では、日本の労働者が生み出す付加価値が少ないのはなぜでしょうか。仕事のアウトプット(パフォーマンス)について、ベクトル・能力・モチベーションという3つの要素が指摘されます。

パフォーマンス=ベクトル×能力×モチベーション

「ベクトル」とは、仕事に取り組む方向性のことです。よく「無駄な会議が多い」「間違ったターゲットに営業をして無駄骨に終わった」といった話を耳にしますが、「ベクトル」は主に業務を指示する経営者の問題です。

残り2つ、「能力」と「モチベーション」は、労働者に関することです。日本の労働生産性が低いのは、経営者が示す「ベクトル」が不適切というだけでなく、労働者の「能力」と「モチベーション」にも問題があるのではないでしょうか。

高学歴化する世界から取り残される日本

まず、労働者の「能力」。
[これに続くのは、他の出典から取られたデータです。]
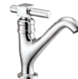
Pillar Cock High Neck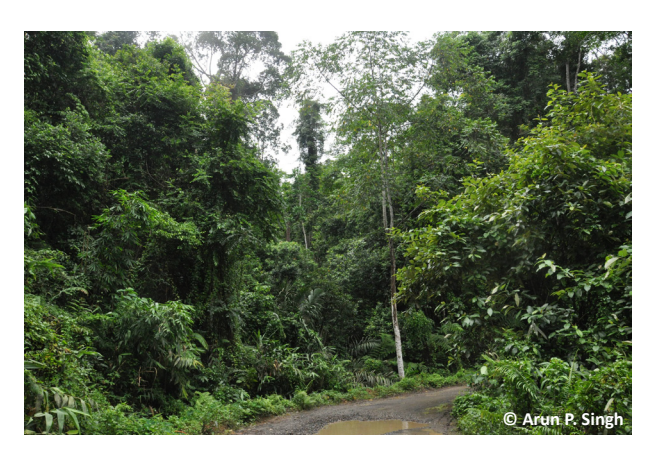
Image 4. Jeypore Reserve Forest with cane brakes (Jeypore-Deomali road on Assam-Arunachal Pradesh border; Burhi –Dehing river)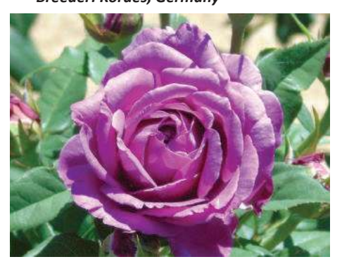
Silver Medal Name: Adorable Type: Floribunda Breeder: Kordes, Germany

義務教育の段階で日本人の能力が世界最高水準であることは、各種の国際調査が証明しています。不自由なく読み書きができるという点で、日本の労働者は優れています。「読み書きができるなんて当たり前だろ」と思うかもしれませんが、移民が多い欧米諸国では、下級労働者は「読み書きができないのが当たり前」です。

しかし、高度な仕事をして、より大きな価値、新しい価値(イノベーション)を生み出すという専門労働者としての能力はどうでしょうか。

近年、先進国では高学歴化が進み、大学院進学率が軒並み上昇しています。フランスの38%という数字は驚きですが、日本は男子14.2%、女子5.6%にとどまり、OECD38か国中29位です。日本では昔も今も「学校教育は大学で終わり」で、高学歴化という世界のトレンドから取り残されています。